Applying partition and merge to circle clusters
As a side note: Observe that your question is essentially a graph theory question such that: Each circle is a node; where if any 2 circles intersect, there's an undirected edge between them; and you're trying to determine the connected components of the graph.
Obviously this provides an area that you can research for more ideas/information. But more importantly it makes easier to analyse the problem with simple boolean assessment of whether 2 circles intersect.
Also note the potential performance improvements by first pre-processing your circles into a suitable graph structure.

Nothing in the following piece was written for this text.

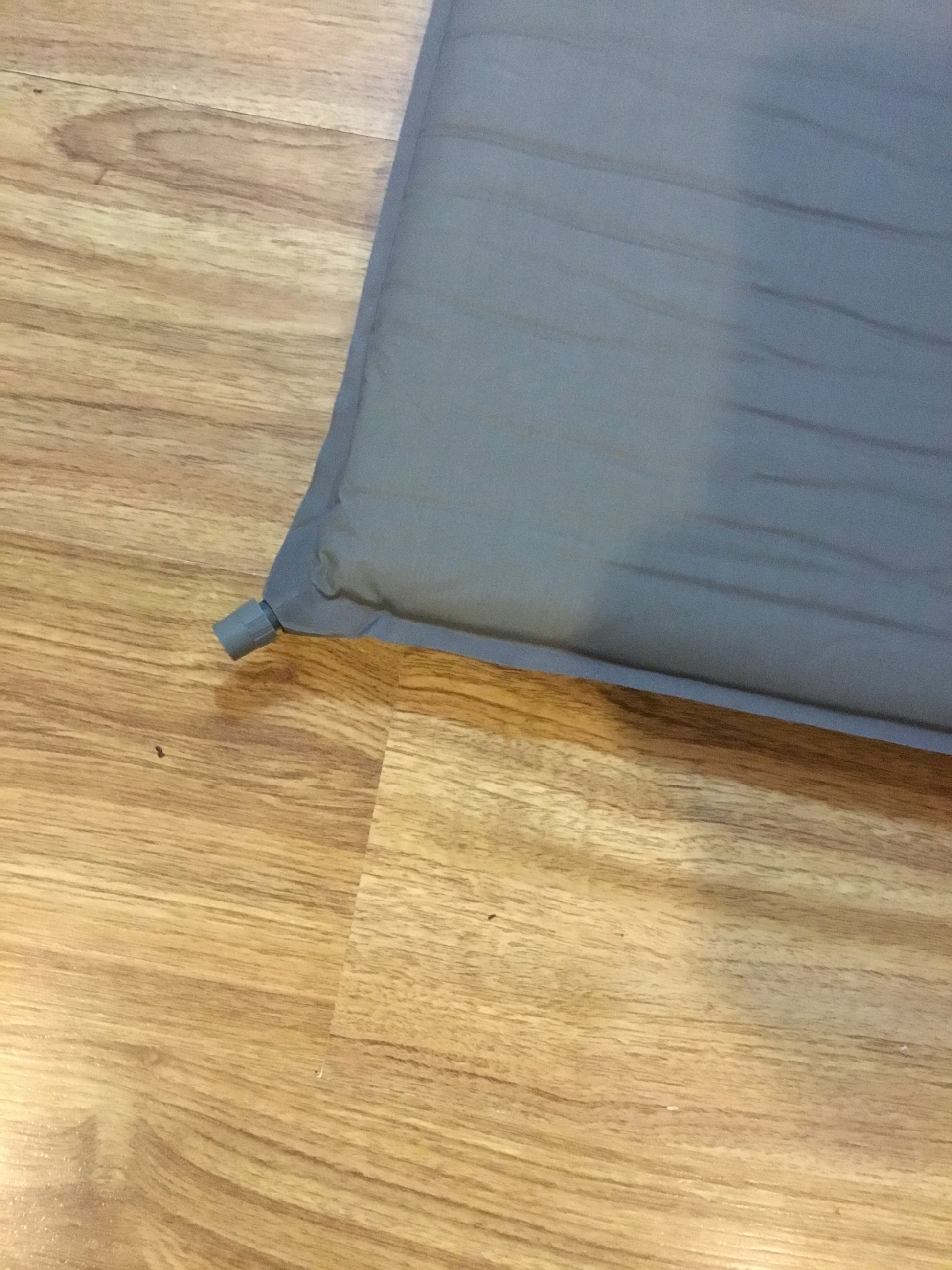 Great compressed sleeping mat for taking on camping trips. Open valve and it will draw air into mat, blow into it a couple of times for extra firmness. In good condition may have soldiers name marked , measures 20 x73 inches .COLOR is gray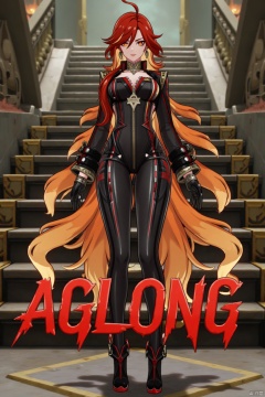 A solo shot of a girl with very long, multicolored hair (blonde, red, and orange), looking directly at the viewer. She has bangs, red eyes, and is standing with arms at her sides. Wearing a jacket, long sleeves, a bodysuit with cutouts, black gloves, high heels, and a spiked bracelet. Her medium breasts and cleavage are visible. The setting includes stairs and a detailed background matching the movie poster theme. Three-dimensional text AGlong is in the middle below. Cinematic lighting creates high contrast and a dramatic atmosphere, with sharp focus enhancing the dynamic composition.

Assume you have 8 circles (A-H) where 1's in the table below indicate the 2 circles intersect.
ABCDEFGH
A11000110
B11000000
C00100000
D00010101
E00001110
F10011100
G10001010
H00010001
One partitioning idea involves determining what's connected by only considering a subset of circles and all their immediate connections.
ABCDEFGH
A11000110 p1 [AB]
B11000000
---------
C00100000 p2 [CD]
D00010101
---------
E00001110 p3 [EF]
F10011100
---------
G10001010 p4 [GH]
H00010001
NB Even though threads are sharing data (e.g. 2 threads may consider the intersection between circles A and F concurrently), the share is read-only and doesn't require a lock.
Assume 4 partitions (and 4 threads) of [AB][CD][EF][GH]. Connected components per partition would be broken down as follows:
[AB]: ABFG
[CD]: C DFH
[EF]: ADEFG
[GH]: AEG DH
You now have a list of potentially overlapping connected components. Merging involves iterating the list to find overlaps. If found, take union of the 2 sets is a new connected component. This will finally produce: ABFGDHE and C
Some optimisation techniques to consider:
The bottom left of the matrix mirrors the top-right. So you should be able to avoid duplicating processing of the inverse connections.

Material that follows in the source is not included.